A verbatim copy of all the data is required; the pictures should not appear in it.

Stored entries:
=-=-=

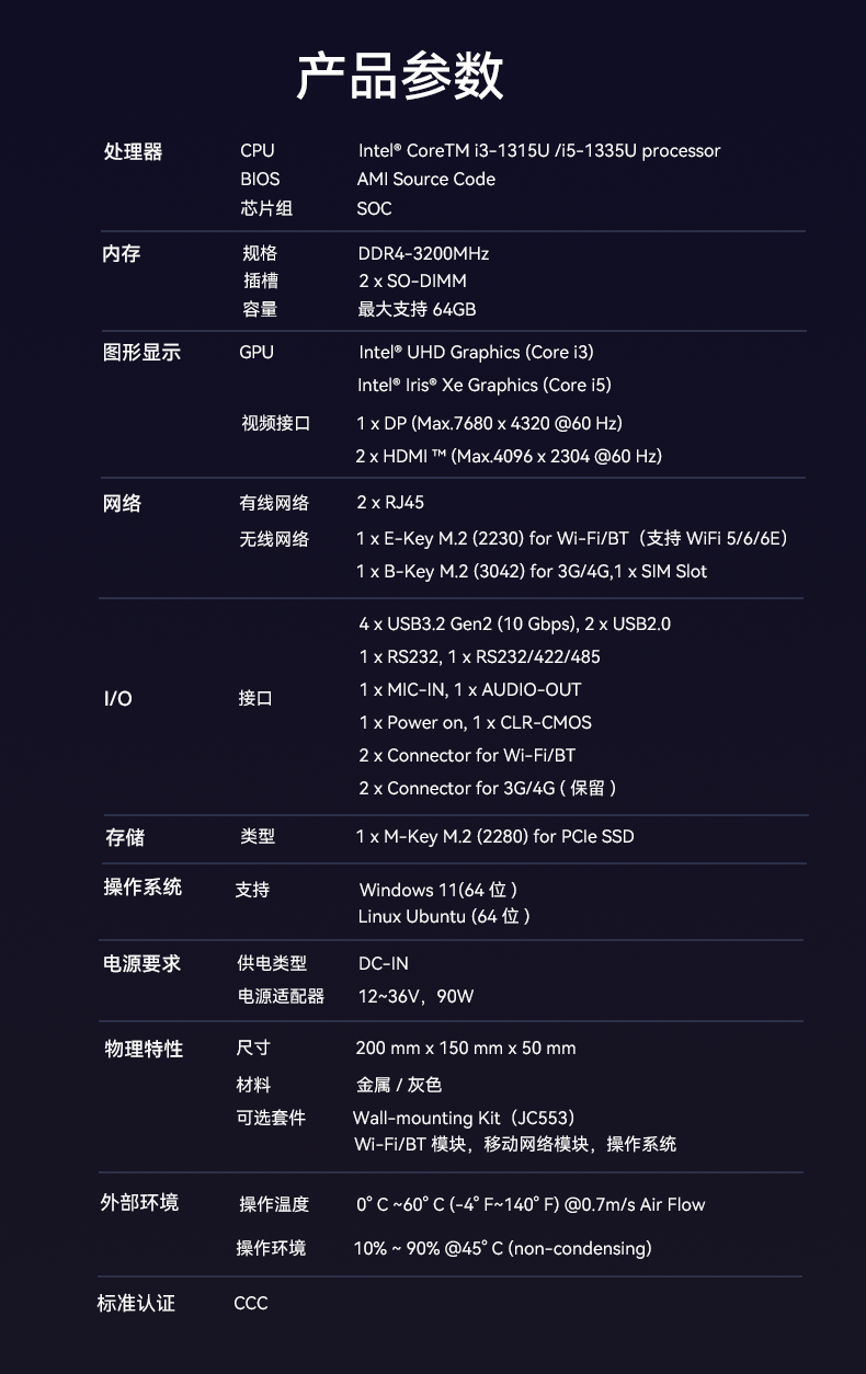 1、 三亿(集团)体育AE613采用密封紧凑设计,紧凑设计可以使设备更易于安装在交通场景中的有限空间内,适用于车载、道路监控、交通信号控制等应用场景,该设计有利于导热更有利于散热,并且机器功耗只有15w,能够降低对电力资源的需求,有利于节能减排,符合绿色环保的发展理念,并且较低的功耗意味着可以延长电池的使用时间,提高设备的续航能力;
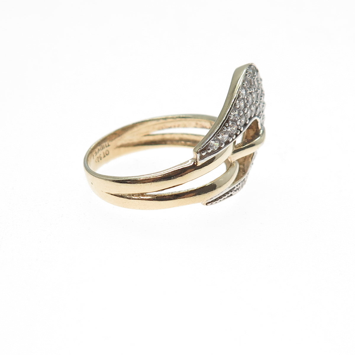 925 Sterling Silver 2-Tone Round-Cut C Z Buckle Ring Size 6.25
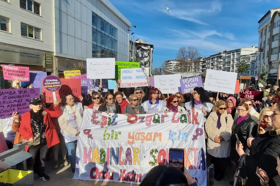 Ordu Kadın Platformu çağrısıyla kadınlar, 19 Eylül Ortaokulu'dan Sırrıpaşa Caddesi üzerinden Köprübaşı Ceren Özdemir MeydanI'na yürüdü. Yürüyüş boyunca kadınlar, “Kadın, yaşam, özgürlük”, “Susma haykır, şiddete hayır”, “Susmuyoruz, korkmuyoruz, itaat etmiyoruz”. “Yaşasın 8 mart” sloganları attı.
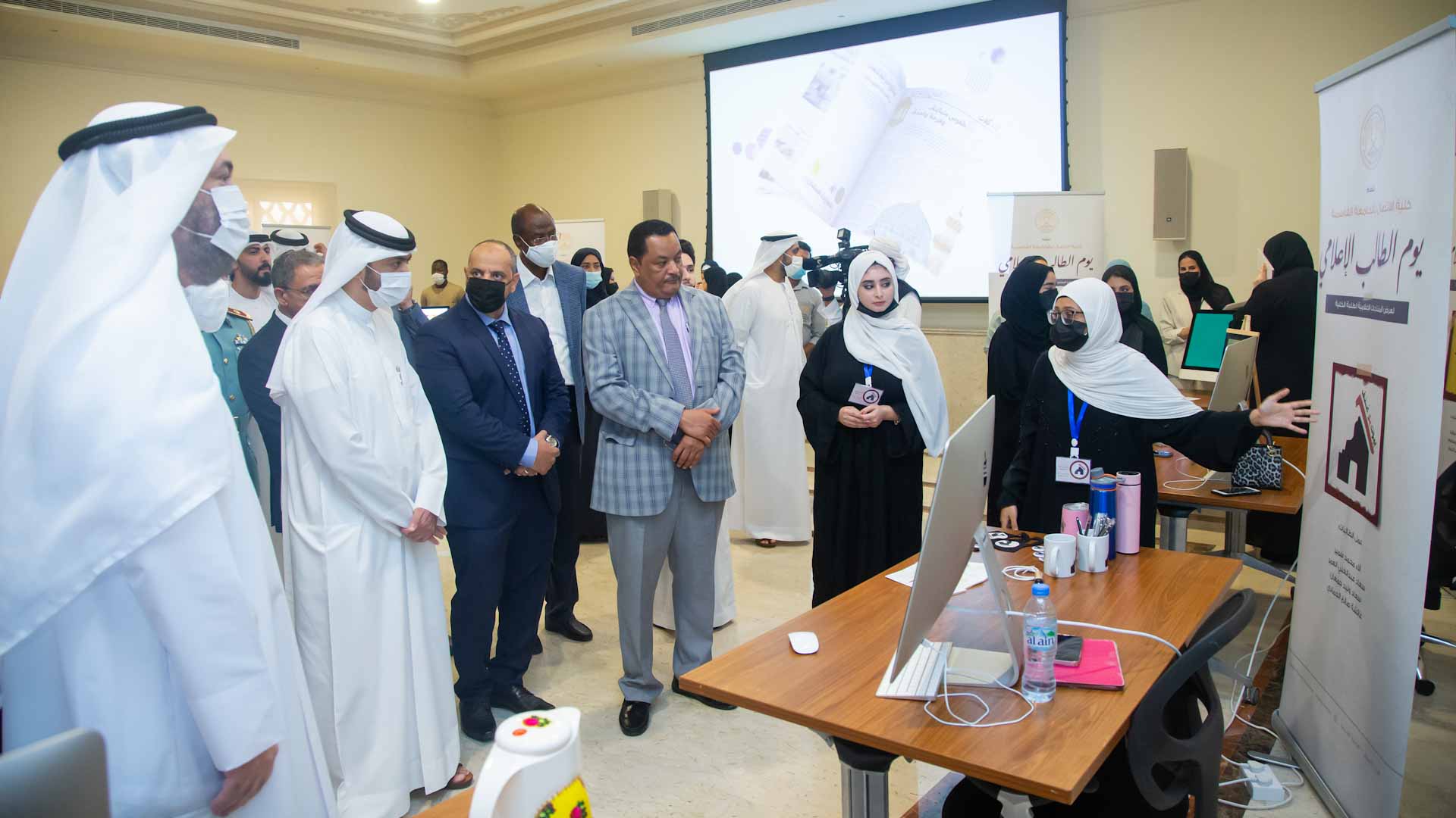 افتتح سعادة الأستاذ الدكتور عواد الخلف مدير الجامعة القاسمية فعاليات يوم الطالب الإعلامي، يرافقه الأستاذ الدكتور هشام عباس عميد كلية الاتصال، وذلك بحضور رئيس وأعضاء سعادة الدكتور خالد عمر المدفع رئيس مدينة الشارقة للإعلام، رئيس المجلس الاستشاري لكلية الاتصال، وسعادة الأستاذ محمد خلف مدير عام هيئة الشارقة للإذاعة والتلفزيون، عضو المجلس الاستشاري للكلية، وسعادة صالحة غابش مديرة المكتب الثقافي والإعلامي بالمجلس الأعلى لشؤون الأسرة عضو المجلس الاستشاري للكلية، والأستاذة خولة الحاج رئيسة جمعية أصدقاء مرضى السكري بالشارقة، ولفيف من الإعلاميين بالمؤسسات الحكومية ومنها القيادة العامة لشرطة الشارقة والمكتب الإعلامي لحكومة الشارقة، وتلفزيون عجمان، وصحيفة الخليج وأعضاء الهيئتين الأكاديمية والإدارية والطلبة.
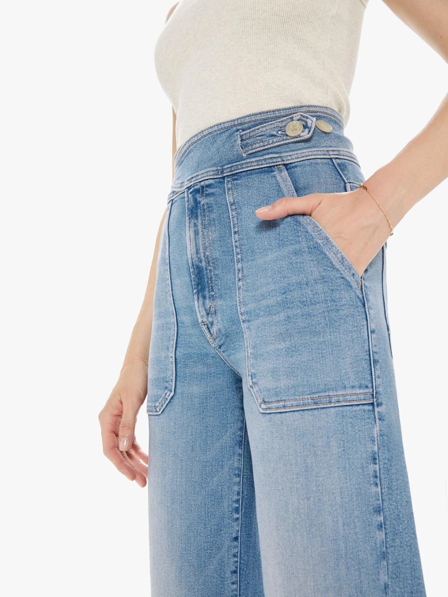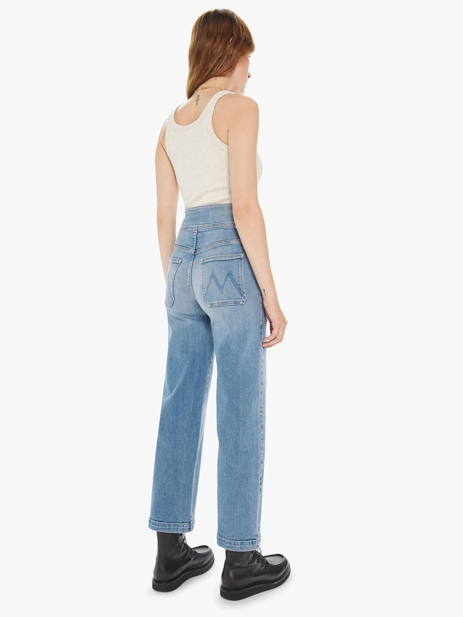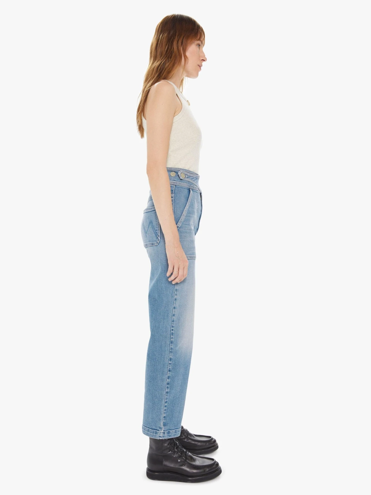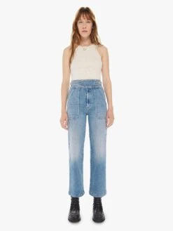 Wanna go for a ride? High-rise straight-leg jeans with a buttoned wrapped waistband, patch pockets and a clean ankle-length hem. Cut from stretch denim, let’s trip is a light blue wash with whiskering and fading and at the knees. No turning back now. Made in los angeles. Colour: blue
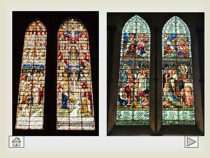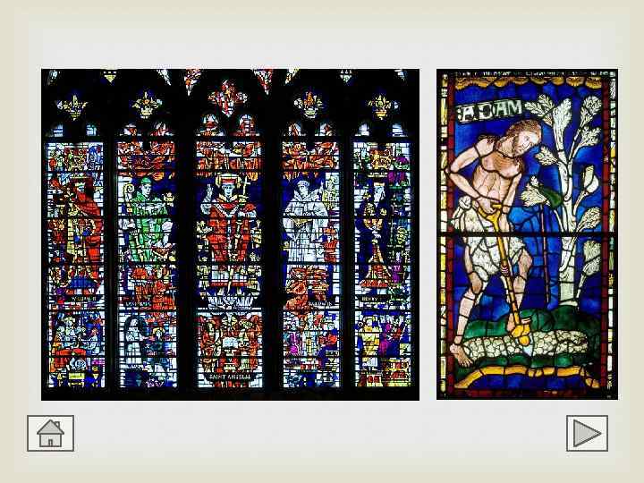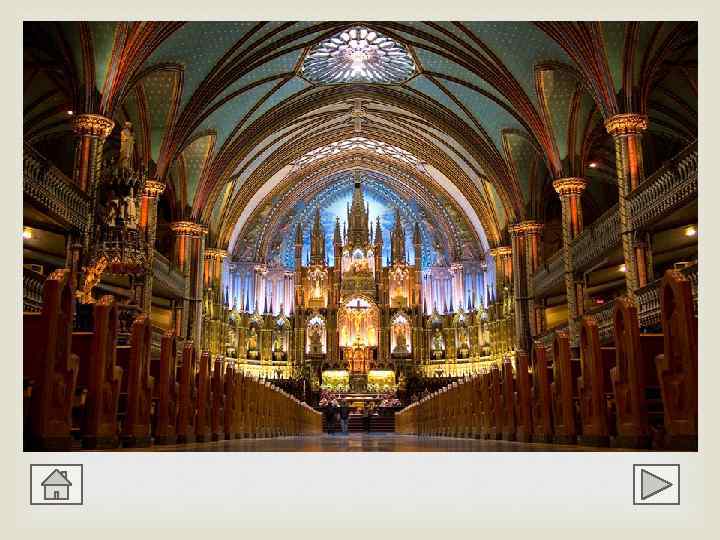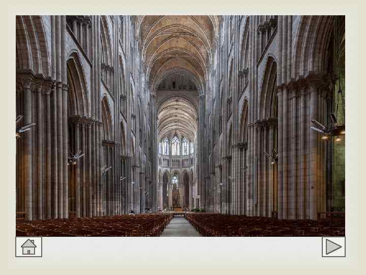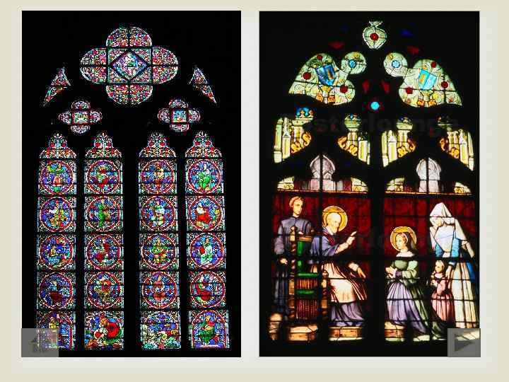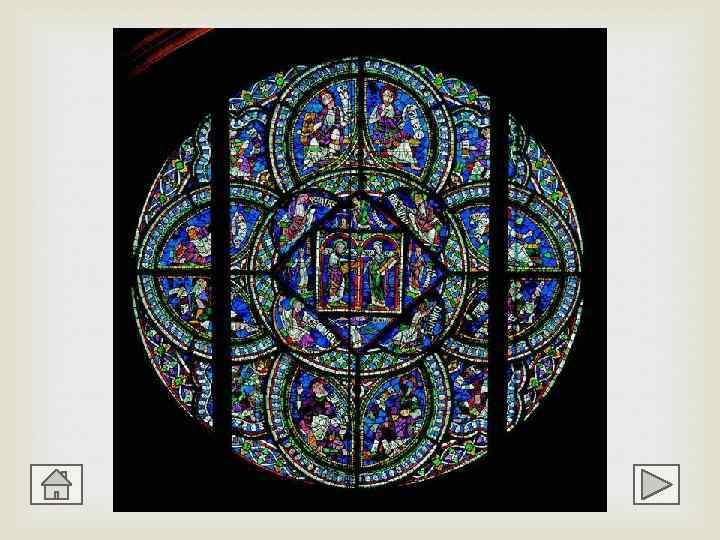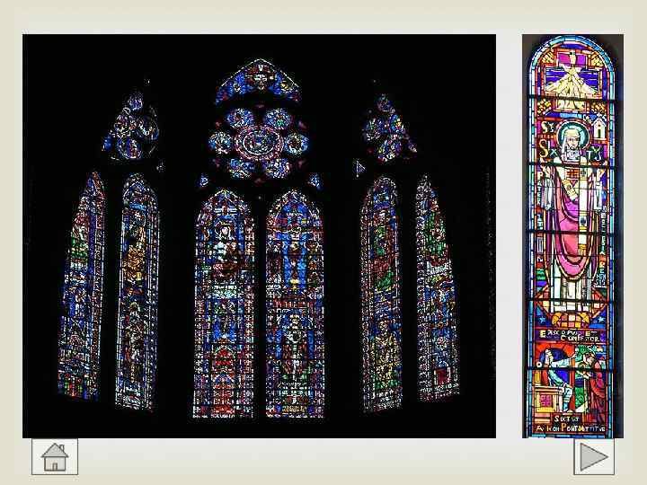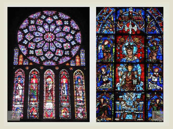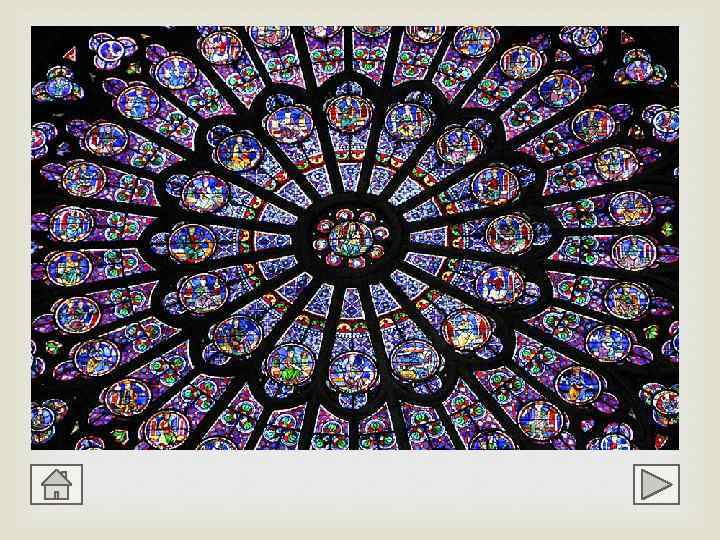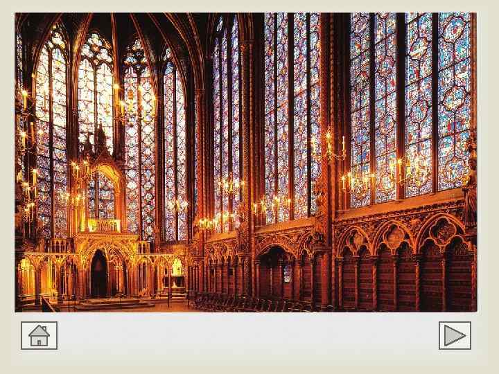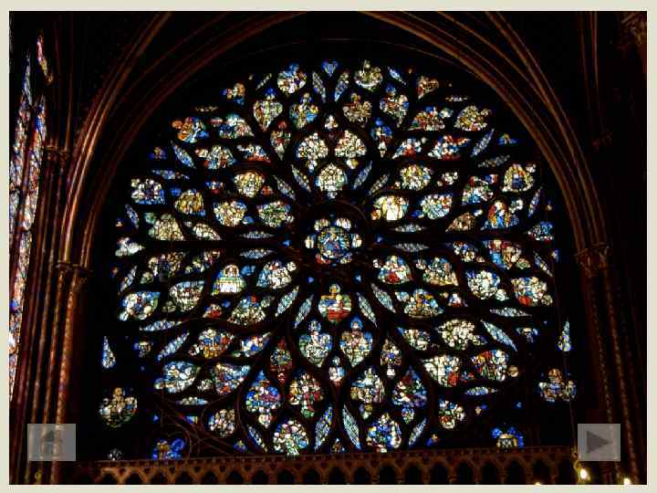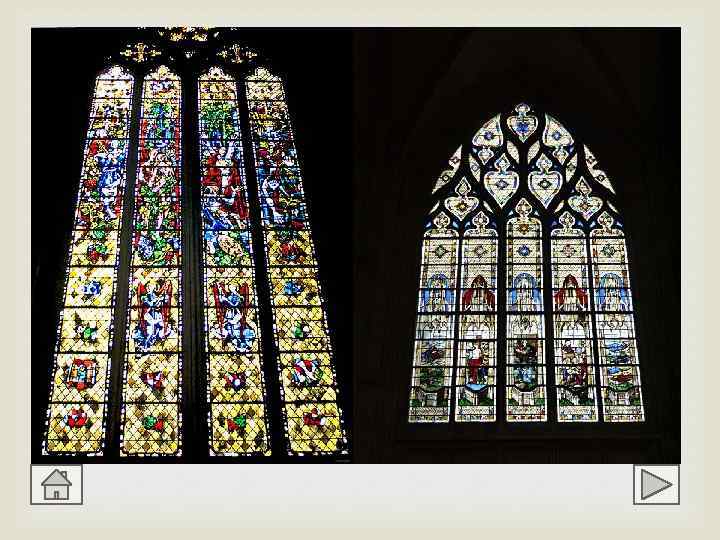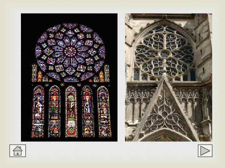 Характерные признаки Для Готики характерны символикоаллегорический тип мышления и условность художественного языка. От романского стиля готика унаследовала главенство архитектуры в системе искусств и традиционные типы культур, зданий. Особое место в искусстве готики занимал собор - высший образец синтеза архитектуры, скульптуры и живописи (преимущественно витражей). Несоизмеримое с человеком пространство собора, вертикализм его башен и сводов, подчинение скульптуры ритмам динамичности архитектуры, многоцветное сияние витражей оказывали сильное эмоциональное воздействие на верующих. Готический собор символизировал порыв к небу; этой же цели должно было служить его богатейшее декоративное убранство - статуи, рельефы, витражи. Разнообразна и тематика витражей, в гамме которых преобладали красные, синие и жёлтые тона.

=-=-=

Solved exercise:
 1、 三亿(集团)体育AE613采用密封紧凑设计,紧凑设计可以使设备更易于安装在交通场景中的有限空间内,适用于车载、道路监控、交通信号控制等应用场景,该设计有利于导热更有利于散热,并且机器功耗只有15w,能够降低对电力资源的需求,有利于节能减排,符合绿色环保的发展理念,并且较低的功耗意味着可以延长电池的使用时间,提高设备的续航能力;
 925 Sterling Silver 2-Tone Round-Cut C Z Buckle Ring Size 6.25
 Ordu Kadın Platformu çağrısıyla kadınlar, 19 Eylül Ortaokulu'dan Sırrıpaşa Caddesi üzerinden Köprübaşı Ceren Özdemir MeydanI'na yürüdü. Yürüyüş boyunca kadınlar, “Kadın, yaşam, özgürlük”, “Susma haykır, şiddete hayır”, “Susmuyoruz, korkmuyoruz, itaat etmiyoruz”. “Yaşasın 8 mart” sloganları attı.
 افتتح سعادة الأستاذ الدكتور عواد الخلف مدير الجامعة القاسمية فعاليات يوم الطالب الإعلامي، يرافقه الأستاذ الدكتور هشام عباس عميد كلية الاتصال، وذلك بحضور رئيس وأعضاء سعادة الدكتور خالد عمر المدفع رئيس مدينة الشارقة للإعلام، رئيس المجلس الاستشاري لكلية الاتصال، وسعادة الأستاذ محمد خلف مدير عام هيئة الشارقة للإذاعة والتلفزيون، عضو المجلس الاستشاري للكلية، وسعادة صالحة غابش مديرة المكتب الثقافي والإعلامي بالمجلس الأعلى لشؤون الأسرة عضو المجلس الاستشاري للكلية، والأستاذة خولة الحاج رئيسة جمعية أصدقاء مرضى السكري بالشارقة، ولفيف من الإعلاميين بالمؤسسات الحكومية ومنها القيادة العامة لشرطة الشارقة والمكتب الإعلامي لحكومة الشارقة، وتلفزيون عجمان، وصحيفة الخليج وأعضاء الهيئتين الأكاديمية والإدارية والطلبة.
 Wanna go for a ride? High-rise straight-leg jeans with a buttoned wrapped waistband, patch pockets and a clean ankle-length hem. Cut from stretch denim, let’s trip is a light blue wash with whiskering and fading and at the knees. No turning back now. Made in los angeles. Colour: blue
 Характерные признаки Для Готики характерны символикоаллегорический тип мышления и условность художественного языка. От романского стиля готика унаследовала главенство архитектуры в системе искусств и традиционные типы культур, зданий. Особое место в искусстве готики занимал собор - высший образец синтеза архитектуры, скульптуры и живописи (преимущественно витражей). Несоизмеримое с человеком пространство собора, вертикализм его башен и сводов, подчинение скульптуры ритмам динамичности архитектуры, многоцветное сияние витражей оказывали сильное эмоциональное воздействие на верующих. Готический собор символизировал порыв к небу; этой же цели должно было служить его богатейшее декоративное убранство - статуи, рельефы, витражи. Разнообразна и тематика витражей, в гамме которых преобладали красные, синие и жёлтые тона.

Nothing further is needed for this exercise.